Caracterización del lipopolisacárido de "Aeromonas" mesófilas

Abstract

[spa] El género Aeromonas está constituido por bacilos Gram negativos y comprende patógenos de animales poiquilotermos y oportunistas en humanos. El lipopolisacárido (LPS) es un importante factor de virulencia de Aeromonas hydrophila, por lo que se planteó hallar los genes implicados en la biosíntesis del núcleo del LPS de la cepa AH-3. Con este fin, se aislaron tres mutantes por inserción del transposón mini-Tn5::Km1 con un fenotipo alterado del núcleo, lo que permitió la caracterización de tres regiones wa genómicas distintas. La construcción de mutantes en los genes en los que fue posible y la elucidación de la estructura química de su núcleo mediante ESI MS y el análisis de metilación de los monosacáridos, permitió, junto con el análisis fenotípico del LPS mediante SDS-PAGE y los datos obtenidos a partir de su secuencia y de ensayos de complementación, asignar funciones a cada uno de ellos. Las regiones 2 y 3 wa, constituidas por 4 y 2 genes, respectivamente, codifican las enzimas para la biosíntesis del núcleo interno. La región 1 wa contiene 7 genes que codifican la epimerasa HldD, la ligasa del antígeno O WaaL y las transferasas para la biosíntesis del núcleo externo y la incorporación de la L,D-HepIV. Además, se estudió la distribución de distintos genes del núcleo y se observó su elevada conservación entre diferentes serotipos de Aeromonas mesófilas. Por otro lado, se realizó el análisis y la caracterización funcional de algunos de los genes de la agrupación wb de la cepa AH-3 responsable de la biosíntesis del antígeno O:34, obtenida en un estudio anterior. Consta de 17 genes entre los que se incluyen genes para la biosíntesis de GDP-manosa y dTDP-6-desoxi-L talosa y para la transferencia de sus monosacáridos, para la modificación del antígeno O con acetilaciones, para el inicio de la síntesis de las subunidades O (wecA), su transporte (wzx) y su polimerización (wzy), y para la determinación de la longitud de la cadena (wzz). La región promotora del gen wzz, localizada en función de la determinación de su inicio de transcripción por 5'RACE, presentaba una regulación por temperatura, de manera que el nivel de transcripción/expresión del gen era menor a 37ºC que a 20ºC, según los ensayos de RT-PCR semicuantitativa y de la actividad β-galactosidasa de la fusión transcripcional de la región promotora con el gen indicador lacZ. Este hecho ofrece una explicación a la diferente producción del LPS que presenta la cepa AH-3 a ambas temperaturas.

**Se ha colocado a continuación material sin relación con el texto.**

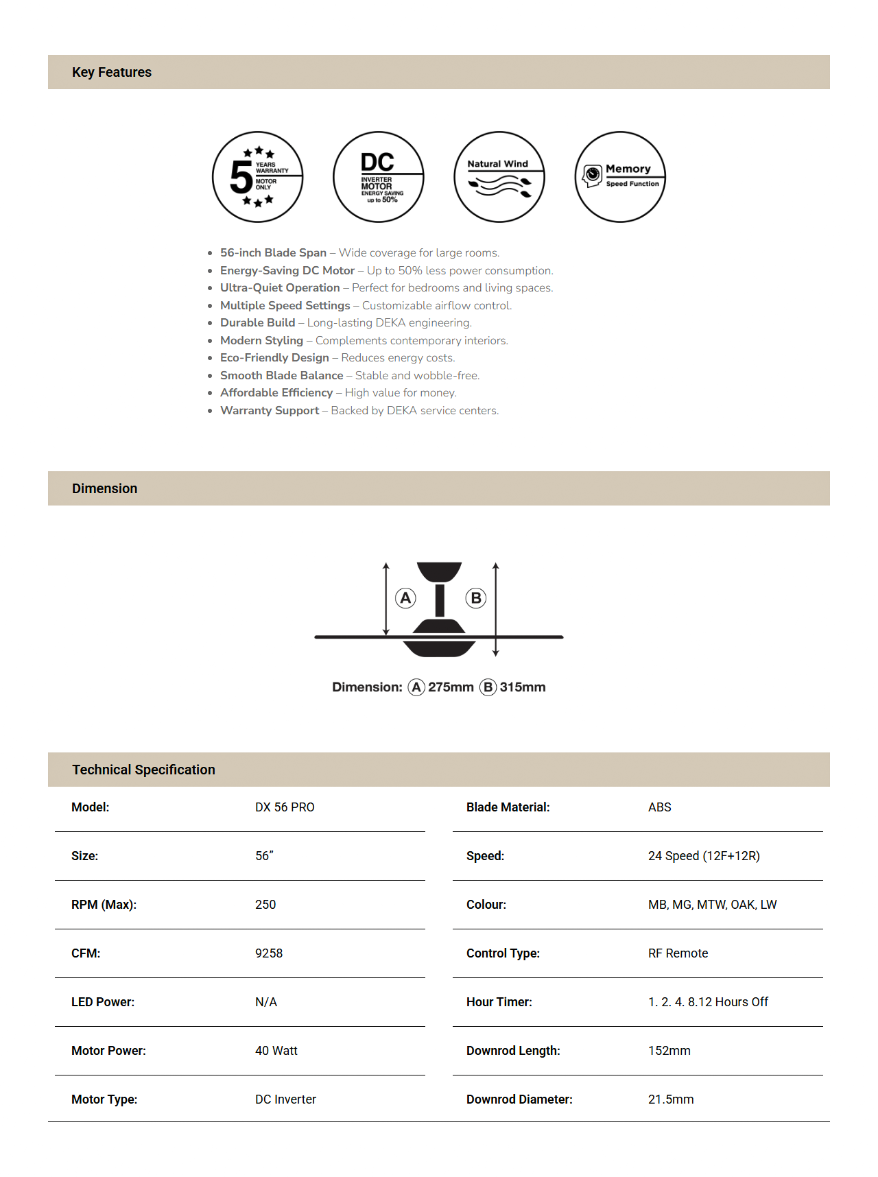 KuangHuat Electronic Sdn Bhd Products DEKA 56-inch Wide Coverage With Energy-Saving DC Motor Ceiling Fan - DX 56 PRO
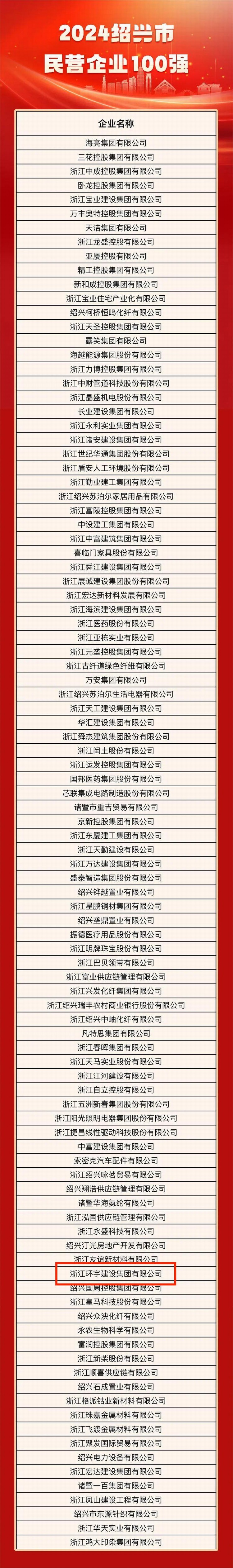 {id=883, tenantId=null, version=null, appId=null, viewType=null, sourceApp=null, useViewType=false, authData=null, jsAuthority=null, title=喜訊——環(huán)宇集團(tuán)榮獲“2024紹興市民營企業(yè)100強(qiáng)”和“2024紹興市民營企業(yè)就業(yè)貢獻(xiàn)30強(qiáng)”, type=1, summary=?5月27日晚上,以“向新而行 企航未來”為主題的2024紹興“愛企行動(dòng)”系列活動(dòng)啟動(dòng)儀式舉行。我司建設(shè)集團(tuán)董事長宋良應(yīng)邀出席。, keywords=, createDate=1716973911000, modifyDate=1716974296000, pubDate=1716973911000, showFlag=true, topFlag=false, recommandFlag=false, viewCount=0, linkUrl=, targetFlag=false, mobileTitle=喜訊——環(huán)宇集團(tuán)榮獲“2024紹興市民營企業(yè)100強(qiáng)”和“2024紹興市民營企業(yè)就業(yè)貢獻(xiàn)30強(qiáng)”, mobileSummary=?5月27日晚上,以“向新而行 企航未來”為主題的2024紹興“愛企行動(dòng)”系列活動(dòng)啟動(dòng)儀式舉行。我司建設(shè)集團(tuán)董事長宋良應(yīng)邀出席。, author=, source=, showMobileFlag=true, accessPermission=, showOrder=883, showStyle=, topOrder=0, content={id=883, tenantId=null, version=null, appId=null, viewType=null, sourceApp=null, useViewType=false, authData=null, jsAuthority=null, pcContent=
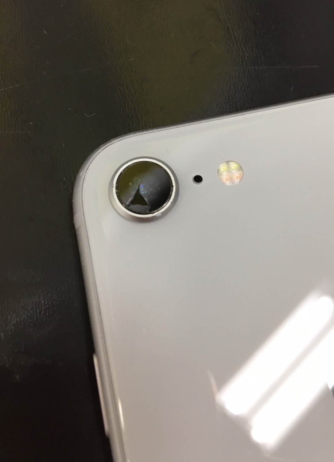 iPhone 8を持って来られたお客様に話を伺ってみると地面に落としてしまったらしいです。画面や背面パネルは割れたりは無かったそうなのですが運悪くバックカメラのレンズだけが写真のように欠けてしまったそうです。よく風景の写真を撮影してインスタグラムやTwitterに上げる趣味があった為、これではまともな撮影が出来ないということで今回の来店となったそうです。
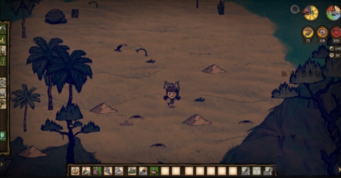 本作既然命名为《饥荒:海难》,与海洋相关的元素自然也非常多,不仅游戏开始之时主角就在从一处孤岛的海边醒来,游戏中的植被、动物、季节也有着浓浓的海洋风情。
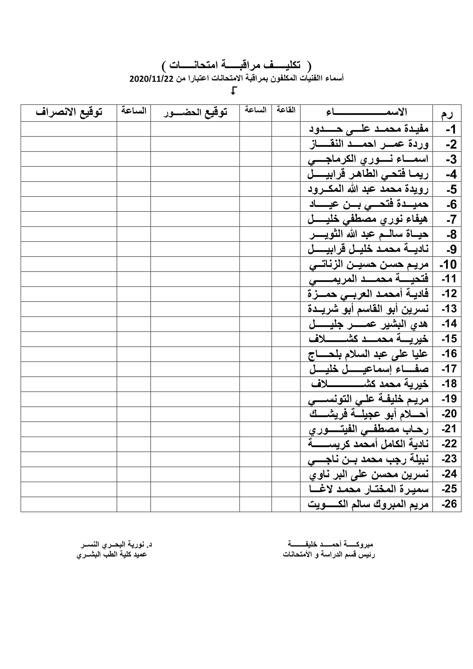 اسماء المكلفين بمراقبة الامتحانات النهائية (الدور الأول) لسنة الاعداد الطبي للعام الجامعي 2019-2020 وذلك اعتبارا من يوم الأحد الموافق 22-11-2020 وحتى نهاية الامتحانات.
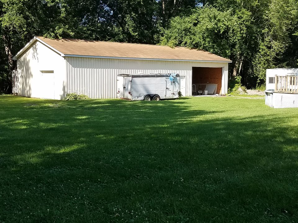 This beautiful home has beautiful oak flooring basement is fully carpeted beautiful ceiling nice beautiful walls beautiful lighting has a 32 x 64 pole barn fully insulated wired nice lighting my see to appreciate
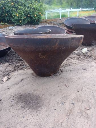 Heavy duty fire pits Different styles and sizes available Made of heavy steel Weigh 1,000 plus pounds Call or text for more info
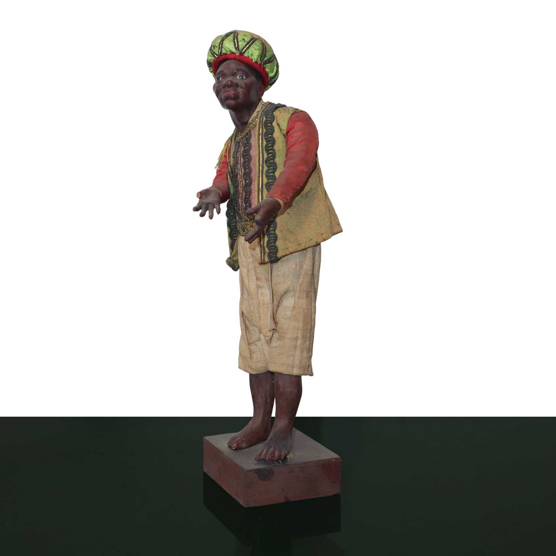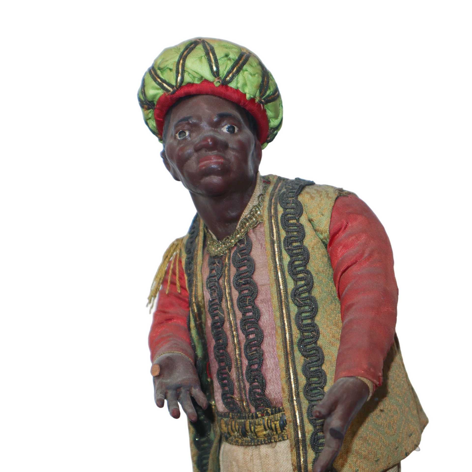 Personaggio presepiale in terracotta e legno con vesti in cotone, raso e passamaneria: servitore moro con turbante , Naples 19° secolo
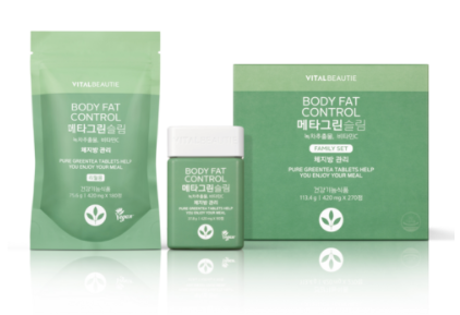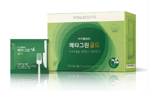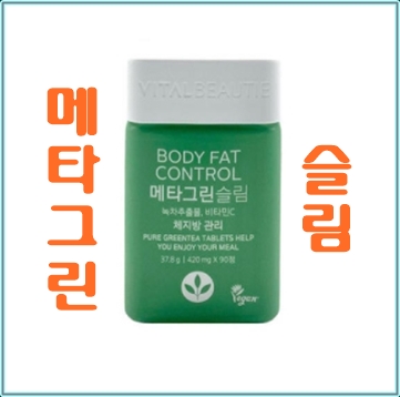 바이탈뷰티 메타그린 슬림이라고 하는 다이어트 건강기능식품인데요. (주)에스트라에서 만들었고, 아모레 퍼시픽에 의해 유통되고 있는 제품입니다.
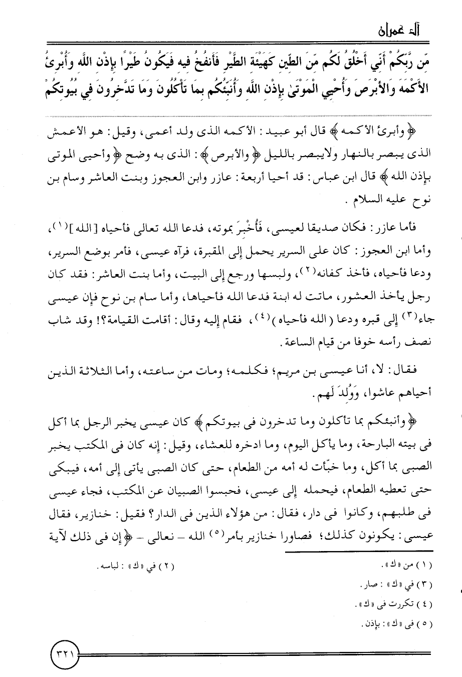 ( {من ربكُم أَنِّي أخلق لكم من الطين كَهَيئَةِ الطير فأنفخ فِيهِ فَيكون طيرا بِإِذن الله وأبرئ الأكمه والأبرص وأحيي الْمَوْتَى بِإِذن الله وأنبئكم بِمَا تَأْكُلُونَ وَمَا تدخرون فِي بُيُوتكُمْ} وأبرىء الأكمه) قَالَ أَبُو عبيد: الأكمه الَّذِي ولد أعمى، وَقيل: هُوَ الْأَعْمَش الَّذِي يبصر بِالنَّهَارِ وَلَا يبصر بِاللَّيْلِ {والأبرص} : الَّذِي بِهِ وضح {وأحيى الْمَوْتَى بِإِذن الله} قَالَ ابْن عَبَّاس: قد أَحْيَا أَرْبَعَة: عازر وَابْن الْعَجُوز وَبنت الْعَاشِر وسام بن نوح عَلَيْهِ السَّلَام.
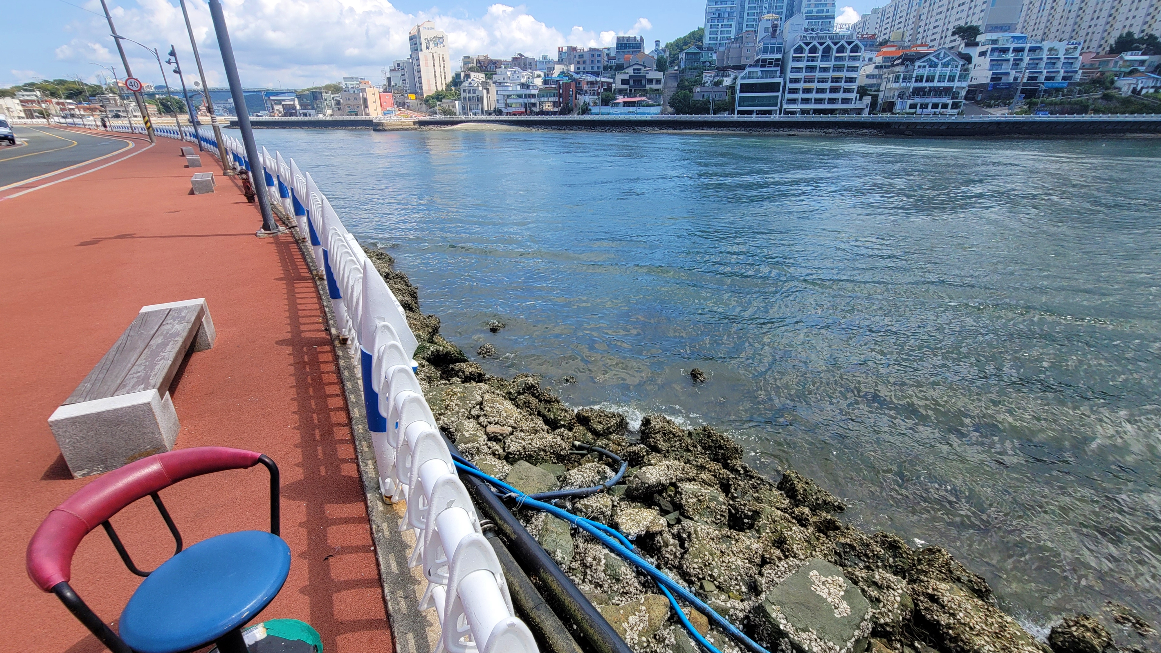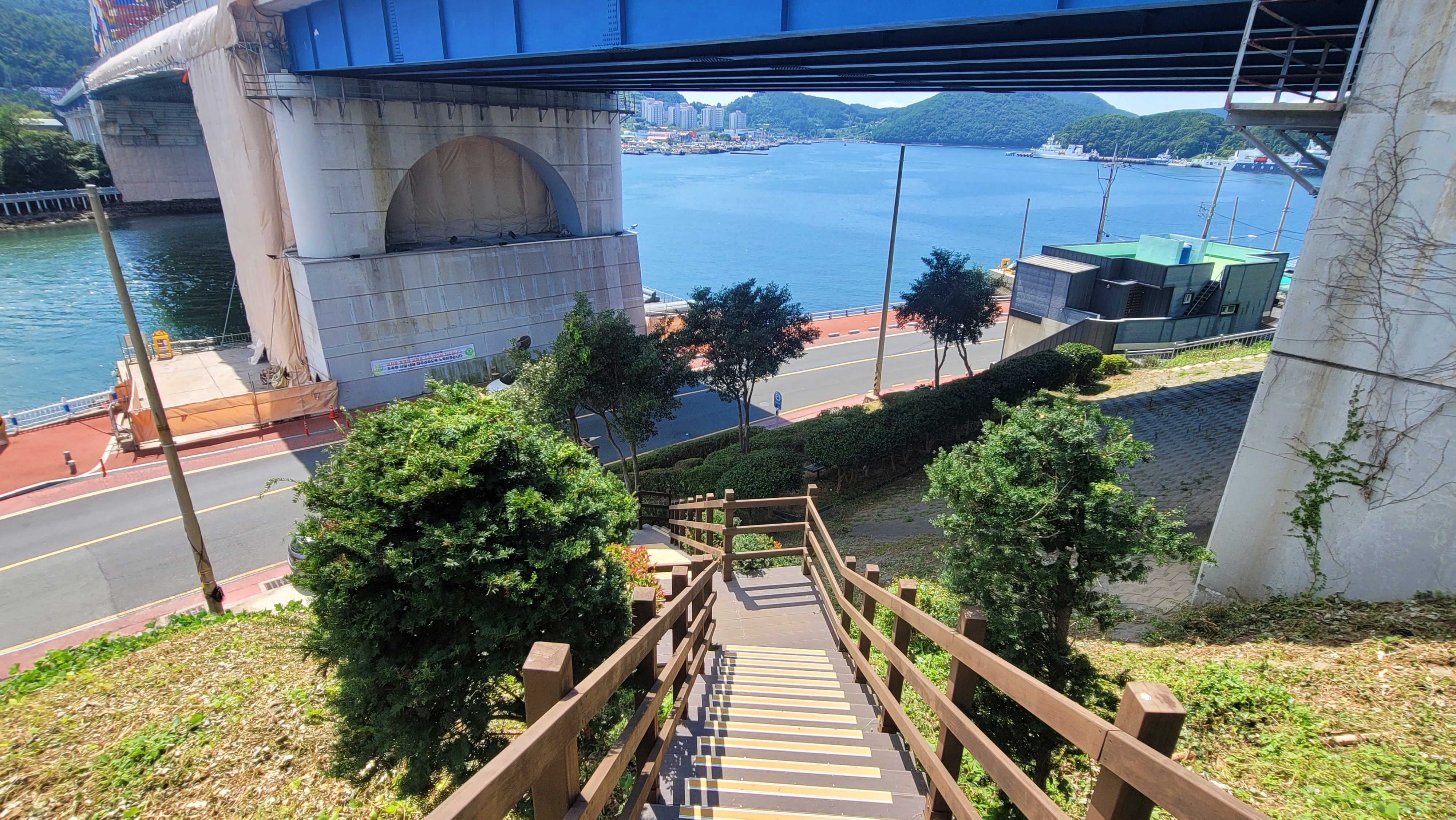 하지만 다리 바로 아래 벤치에 잠시 앉아 멍때리듯 바다를 바라봅니다. 잔잔한 물결이 일상 속 번뇌를 스르륵 사라지게 합니다.
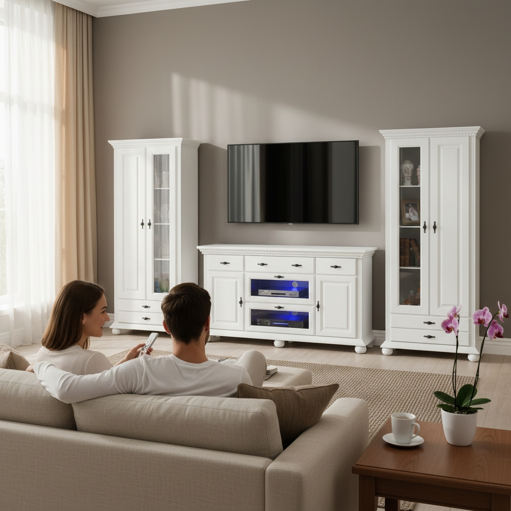 Livingul Bucov creează un centru de entertainment elegant și funcțional. Construit integral din lemn masiv alb, acest set de 3 piese transformă peretele TV într-un ansamblu coerent și luxos.
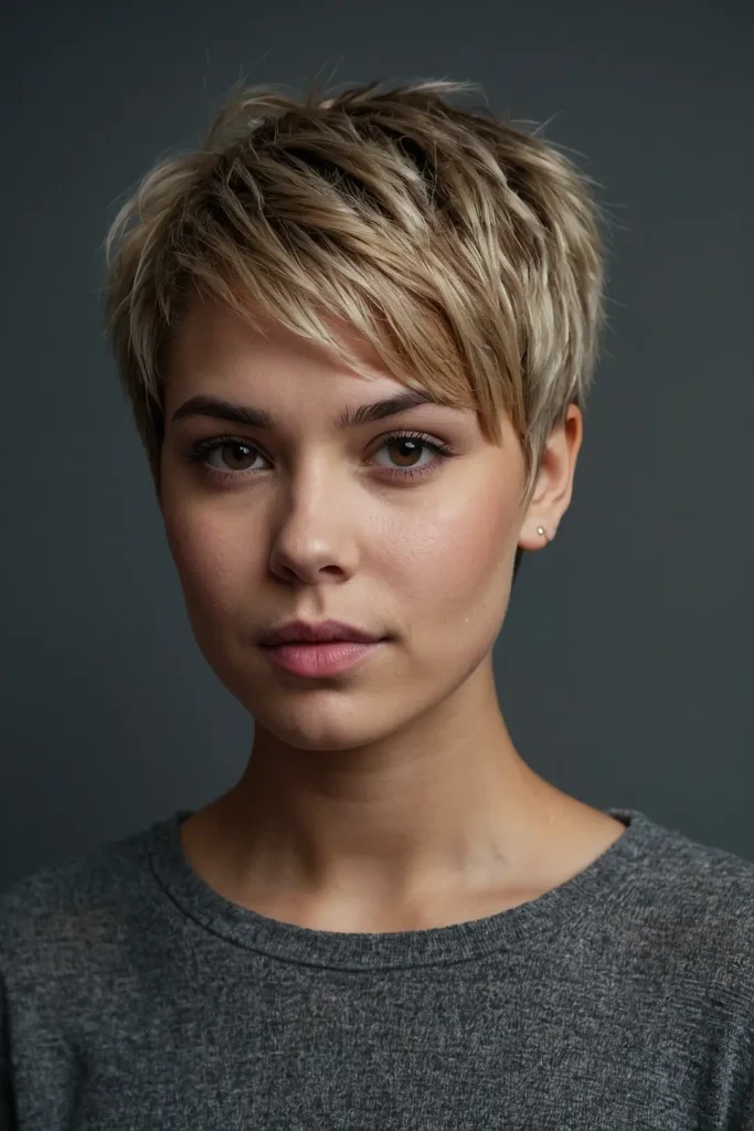 A layered pixie cut creates movement and texture in short hair. The layers help shape your hair while removing extra weight.

[eng] The genus Aeromonas is composed of Gram-negative rod-shaped bacteria and comprises opportunistic and primary pathogens of poikilothermic and homeothermic animals, including humans. The lipopolysaccharide (LPS) is an important virulence factor of Aeromonas hydrophila. In order to identify the genes involved in the LPS core biosynthesis a mini-Tn5::Km1 transposon mutagenesis was carried out in strain AH-3 and three different mutants with an altered core phenotype were isolated, which enabled the characterization of three different wa genomic regions. By means of mutant construction in each gene when possible and their LPS core structures elucidation by ESI-MS and monosaccharides methylation analysis, together with LPS phenotypic analysis by SDS-PAGE and data obtained from the sequence analysis and complementation assays, it was possible to assign functions to each gene. Regions 2 and 3 wa, containing 4 and 2 genes, respectively, encode inner core biosynthesis enzymes. Region 1 wa includes 7 genes encoding HldD epimerase, WaaL Oantigen ligase and transferases involved in outer core biosynthesis and L,D-HepIV incorporation. Moreover, the LPS core genes distribution study showed a high conservation between different mesophilic Aeromonas serotypes. Analysis and functional characterization of some of the 17 genes of the AH-3 wb gene cluster responsible for the O:34-antigen biosynthesis, which had been identified in a previous work, was also performed. It contains genes for activated monosaccharides GDP manose and dTDP-6-deoxy-L-talose production and for transfer, for O-antigen acetylation, for the O-unit biosynthesis initiation (wecA), transport (wzx) and polymerization (wzy) and to determine the O-antigen chain length (wzz). The wzz promoter region was localized due to its transcription start site determined by 5'RACE. Semi-quantitative RT-PCR and β-galactosidase fusion assays lead to the conclusion that the wzz gene transcription/expression level was much lower at 37ºC than at 20ºC, which explains the differential O:34-antigen production at both temperatures.